(SOURCE DATA Opens)

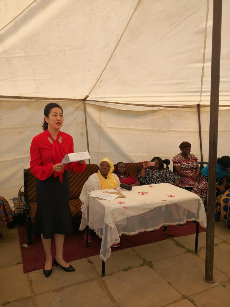 10月8日,中国驻津巴布韦大使郭少春夫人王薇参赞出席向津残疾儿童父母协会捐赠物品仪式。津残疾儿童父母协会负责人特瑞莎女士、赞助人姆坎盖女士、以及残疾儿童父母和残疾儿童代表等200余人参加活动。
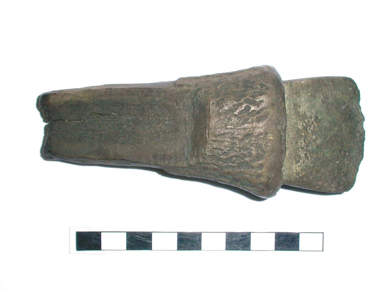 Edge ground and polished stone axe, with an antler sleeve. Axe has sides tapering towards the butt; cutting edge almost straight; butt not visible; oval section, with flattened sides.
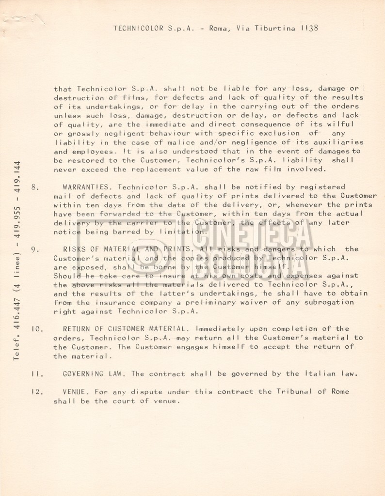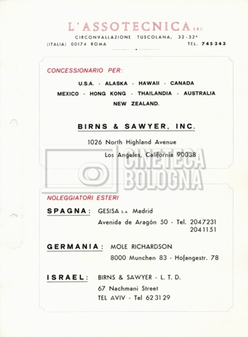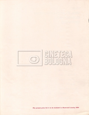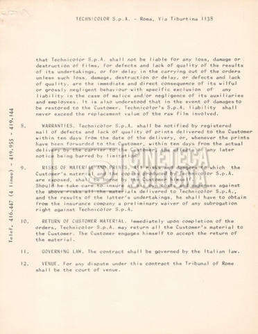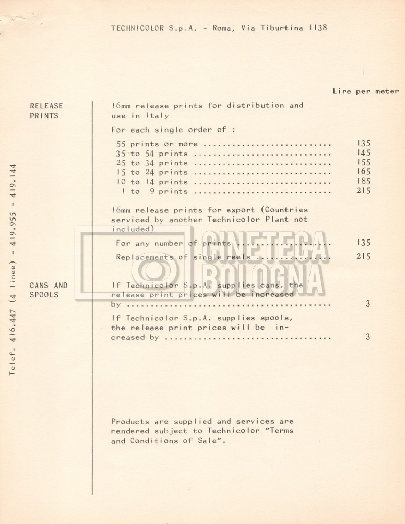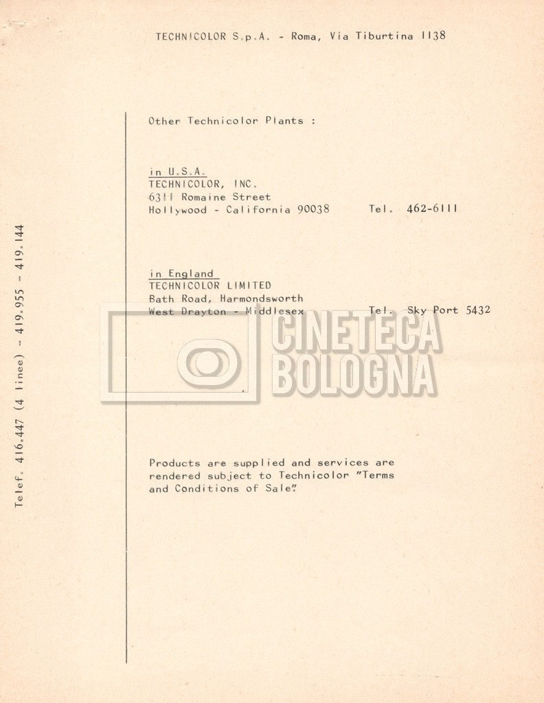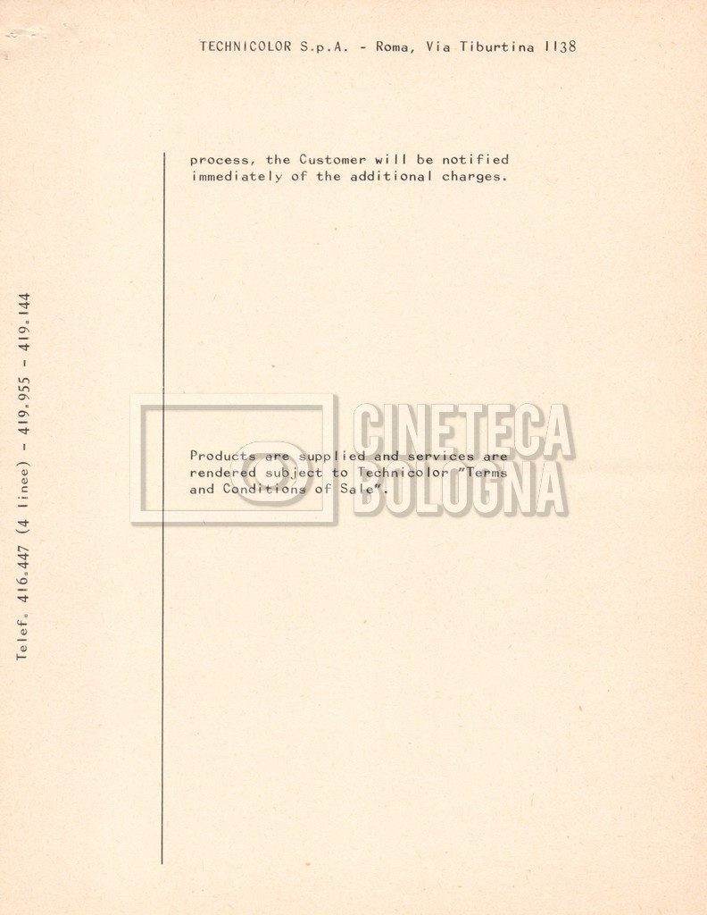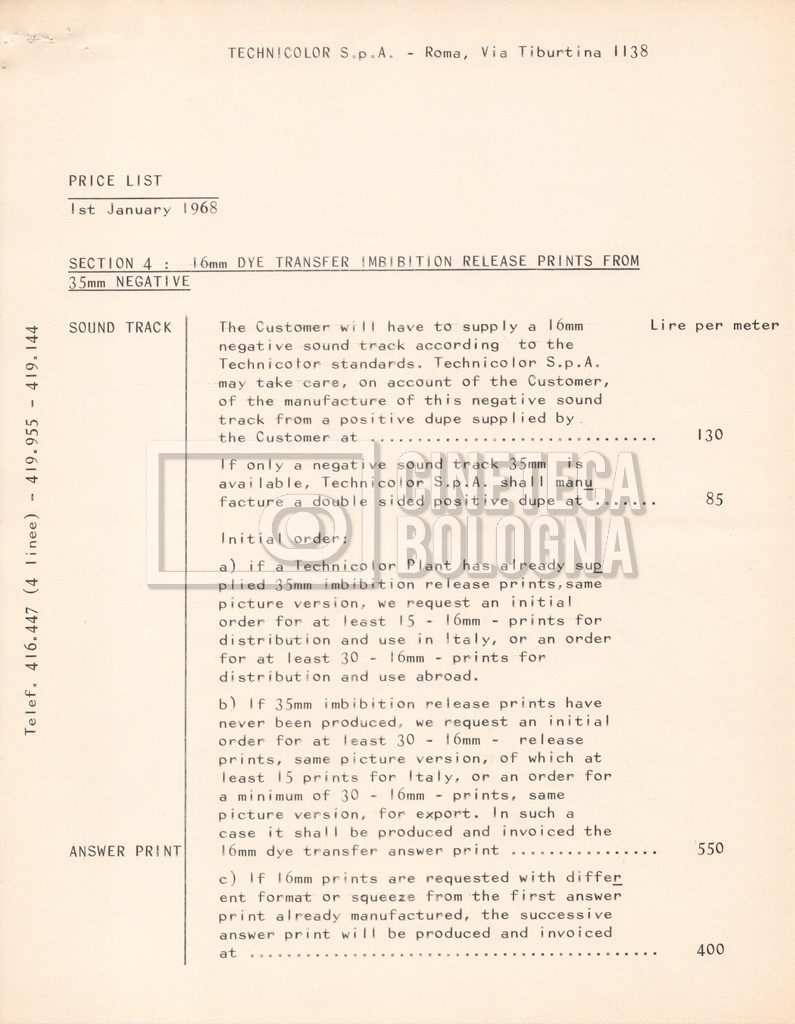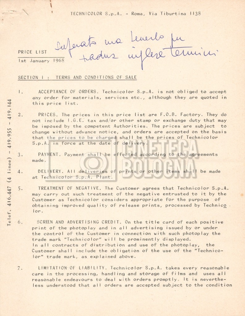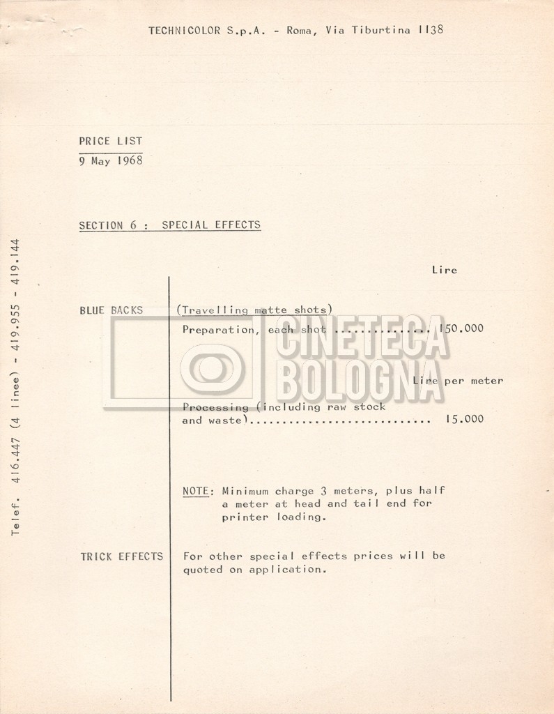 – Due listini prezzi per servizi di postproduzione e trattamento delle pellicole della società ‘Techincolor’, di cui uno in inglese (1 gennaio 1968) e uno in italiano (1 giugno 1970).

(SOURCE DATA Closes)

TASK DESCRIPTION: From the data above, write out everything exactly except the pictures.

ANSWER AREA:
 10月8日,中国驻津巴布韦大使郭少春夫人王薇参赞出席向津残疾儿童父母协会捐赠物品仪式。津残疾儿童父母协会负责人特瑞莎女士、赞助人姆坎盖女士、以及残疾儿童父母和残疾儿童代表等200余人参加活动。
 Edge ground and polished stone axe, with an antler sleeve. Axe has sides tapering towards the butt; cutting edge almost straight; butt not visible; oval section, with flattened sides.
 – Due listini prezzi per servizi di postproduzione e trattamento delle pellicole della società ‘Techincolor’, di cui uno in inglese (1 gennaio 1968) e uno in italiano (1 giugno 1970).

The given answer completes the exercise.